AIM OF THE TASK
A stretch of the entries below is to be set down exactly, running from the line with "That being said, there" through the line with "#차일드라이프 🔥최대 49%할인‼️", both included, and no other line.

SOURCE DATA
**********
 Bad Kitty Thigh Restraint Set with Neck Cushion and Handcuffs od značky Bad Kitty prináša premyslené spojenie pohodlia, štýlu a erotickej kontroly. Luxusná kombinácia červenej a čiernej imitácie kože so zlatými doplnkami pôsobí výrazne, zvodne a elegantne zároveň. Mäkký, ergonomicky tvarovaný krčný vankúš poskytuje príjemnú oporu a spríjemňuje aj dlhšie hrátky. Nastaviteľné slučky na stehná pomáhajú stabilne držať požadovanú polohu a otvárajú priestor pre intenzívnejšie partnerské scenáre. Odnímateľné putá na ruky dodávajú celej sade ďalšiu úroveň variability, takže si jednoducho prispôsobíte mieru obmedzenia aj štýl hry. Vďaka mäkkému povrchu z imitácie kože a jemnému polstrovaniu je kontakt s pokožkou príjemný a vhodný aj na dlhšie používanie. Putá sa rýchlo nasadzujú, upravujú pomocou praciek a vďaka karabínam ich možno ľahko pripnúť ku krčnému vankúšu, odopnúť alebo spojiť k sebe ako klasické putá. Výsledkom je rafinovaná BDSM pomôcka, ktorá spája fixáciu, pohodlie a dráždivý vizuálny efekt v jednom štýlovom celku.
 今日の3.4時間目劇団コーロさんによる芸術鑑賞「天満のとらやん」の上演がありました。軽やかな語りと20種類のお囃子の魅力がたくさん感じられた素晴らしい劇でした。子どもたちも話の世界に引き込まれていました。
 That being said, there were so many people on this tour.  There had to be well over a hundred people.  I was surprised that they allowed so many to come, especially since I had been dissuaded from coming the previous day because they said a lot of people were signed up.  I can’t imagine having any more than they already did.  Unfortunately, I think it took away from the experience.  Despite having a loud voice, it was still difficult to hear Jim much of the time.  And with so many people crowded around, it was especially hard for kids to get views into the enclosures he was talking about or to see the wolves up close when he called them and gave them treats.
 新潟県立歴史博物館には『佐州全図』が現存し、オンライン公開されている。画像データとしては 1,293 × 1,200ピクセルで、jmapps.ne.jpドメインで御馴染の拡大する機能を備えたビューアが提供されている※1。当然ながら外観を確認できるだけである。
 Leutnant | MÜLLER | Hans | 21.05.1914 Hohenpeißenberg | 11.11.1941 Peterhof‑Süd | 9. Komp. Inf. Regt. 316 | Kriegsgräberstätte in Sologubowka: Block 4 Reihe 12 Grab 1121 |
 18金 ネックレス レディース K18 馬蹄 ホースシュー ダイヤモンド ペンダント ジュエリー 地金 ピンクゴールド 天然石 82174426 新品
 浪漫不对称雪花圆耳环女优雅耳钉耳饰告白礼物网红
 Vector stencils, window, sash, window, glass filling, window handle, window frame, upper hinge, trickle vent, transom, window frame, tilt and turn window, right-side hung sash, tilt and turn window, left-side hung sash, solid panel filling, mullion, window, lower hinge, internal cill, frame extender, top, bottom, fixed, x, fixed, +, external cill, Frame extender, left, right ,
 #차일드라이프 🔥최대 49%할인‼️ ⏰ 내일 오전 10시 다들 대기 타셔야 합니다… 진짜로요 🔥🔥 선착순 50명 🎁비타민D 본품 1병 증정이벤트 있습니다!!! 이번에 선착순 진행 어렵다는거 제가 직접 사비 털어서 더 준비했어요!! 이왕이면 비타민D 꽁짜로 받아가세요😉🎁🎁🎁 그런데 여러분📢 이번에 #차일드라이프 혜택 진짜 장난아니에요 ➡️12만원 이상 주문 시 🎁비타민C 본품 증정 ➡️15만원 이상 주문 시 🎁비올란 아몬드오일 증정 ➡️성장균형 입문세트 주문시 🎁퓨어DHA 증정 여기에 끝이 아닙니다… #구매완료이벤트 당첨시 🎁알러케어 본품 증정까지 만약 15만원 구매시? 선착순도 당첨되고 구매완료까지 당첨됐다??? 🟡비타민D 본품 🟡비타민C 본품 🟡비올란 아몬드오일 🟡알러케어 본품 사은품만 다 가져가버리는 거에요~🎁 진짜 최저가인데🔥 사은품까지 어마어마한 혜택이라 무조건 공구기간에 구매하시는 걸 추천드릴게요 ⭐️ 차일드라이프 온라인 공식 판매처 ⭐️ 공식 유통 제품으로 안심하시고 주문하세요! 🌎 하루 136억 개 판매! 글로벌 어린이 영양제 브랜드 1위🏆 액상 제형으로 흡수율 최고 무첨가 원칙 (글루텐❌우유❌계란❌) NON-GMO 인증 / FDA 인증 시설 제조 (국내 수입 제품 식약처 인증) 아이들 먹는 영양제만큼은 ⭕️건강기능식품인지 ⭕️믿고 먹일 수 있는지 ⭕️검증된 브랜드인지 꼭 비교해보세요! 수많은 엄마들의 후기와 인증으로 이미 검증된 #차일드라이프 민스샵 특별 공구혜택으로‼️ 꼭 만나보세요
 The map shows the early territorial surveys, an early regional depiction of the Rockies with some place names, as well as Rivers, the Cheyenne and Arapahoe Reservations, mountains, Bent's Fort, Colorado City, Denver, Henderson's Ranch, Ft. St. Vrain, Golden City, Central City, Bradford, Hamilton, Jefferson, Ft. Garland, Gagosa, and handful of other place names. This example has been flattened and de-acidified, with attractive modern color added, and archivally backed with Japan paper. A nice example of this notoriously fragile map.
**********
RESPONSE BELOW
 That being said, there were so many people on this tour.  There had to be well over a hundred people.  I was surprised that they allowed so many to come, especially since I had been dissuaded from coming the previous day because they said a lot of people were signed up.  I can’t imagine having any more than they already did.  Unfortunately, I think it took away from the experience.  Despite having a loud voice, it was still difficult to hear Jim much of the time.  And with so many people crowded around, it was especially hard for kids to get views into the enclosures he was talking about or to see the wolves up close when he called them and gave them treats.
 新潟県立歴史博物館には『佐州全図』が現存し、オンライン公開されている。画像データとしては 1,293 × 1,200ピクセルで、jmapps.ne.jpドメインで御馴染の拡大する機能を備えたビューアが提供されている※1。当然ながら外観を確認できるだけである。
 Leutnant | MÜLLER | Hans | 21.05.1914 Hohenpeißenberg | 11.11.1941 Peterhof‑Süd | 9. Komp. Inf. Regt. 316 | Kriegsgräberstätte in Sologubowka: Block 4 Reihe 12 Grab 1121 |
 18金 ネックレス レディース K18 馬蹄 ホースシュー ダイヤモンド ペンダント ジュエリー 地金 ピンクゴールド 天然石 82174426 新品
 浪漫不对称雪花圆耳环女优雅耳钉耳饰告白礼物网红
 Vector stencils, window, sash, window, glass filling, window handle, window frame, upper hinge, trickle vent, transom, window frame, tilt and turn window, right-side hung sash, tilt and turn window, left-side hung sash, solid panel filling, mullion, window, lower hinge, internal cill, frame extender, top, bottom, fixed, x, fixed, +, external cill, Frame extender, left, right ,
 #차일드라이프 🔥최대 49%할인‼️ ⏰ 내일 오전 10시 다들 대기 타셔야 합니다… 진짜로요 🔥🔥 선착순 50명 🎁비타민D 본품 1병 증정이벤트 있습니다!!! 이번에 선착순 진행 어렵다는거 제가 직접 사비 털어서 더 준비했어요!! 이왕이면 비타민D 꽁짜로 받아가세요😉🎁🎁🎁 그런데 여러분📢 이번에 #차일드라이프 혜택 진짜 장난아니에요 ➡️12만원 이상 주문 시 🎁비타민C 본품 증정 ➡️15만원 이상 주문 시 🎁비올란 아몬드오일 증정 ➡️성장균형 입문세트 주문시 🎁퓨어DHA 증정 여기에 끝이 아닙니다… #구매완료이벤트 당첨시 🎁알러케어 본품 증정까지 만약 15만원 구매시? 선착순도 당첨되고 구매완료까지 당첨됐다??? 🟡비타민D 본품 🟡비타민C 본품 🟡비올란 아몬드오일 🟡알러케어 본품 사은품만 다 가져가버리는 거에요~🎁 진짜 최저가인데🔥 사은품까지 어마어마한 혜택이라 무조건 공구기간에 구매하시는 걸 추천드릴게요 ⭐️ 차일드라이프 온라인 공식 판매처 ⭐️ 공식 유통 제품으로 안심하시고 주문하세요! 🌎 하루 136억 개 판매! 글로벌 어린이 영양제 브랜드 1위🏆 액상 제형으로 흡수율 최고 무첨가 원칙 (글루텐❌우유❌계란❌) NON-GMO 인증 / FDA 인증 시설 제조 (국내 수입 제품 식약처 인증) 아이들 먹는 영양제만큼은 ⭕️건강기능식품인지 ⭕️믿고 먹일 수 있는지 ⭕️검증된 브랜드인지 꼭 비교해보세요! 수많은 엄마들의 후기와 인증으로 이미 검증된 #차일드라이프 민스샵 특별 공구혜택으로‼️ 꼭 만나보세요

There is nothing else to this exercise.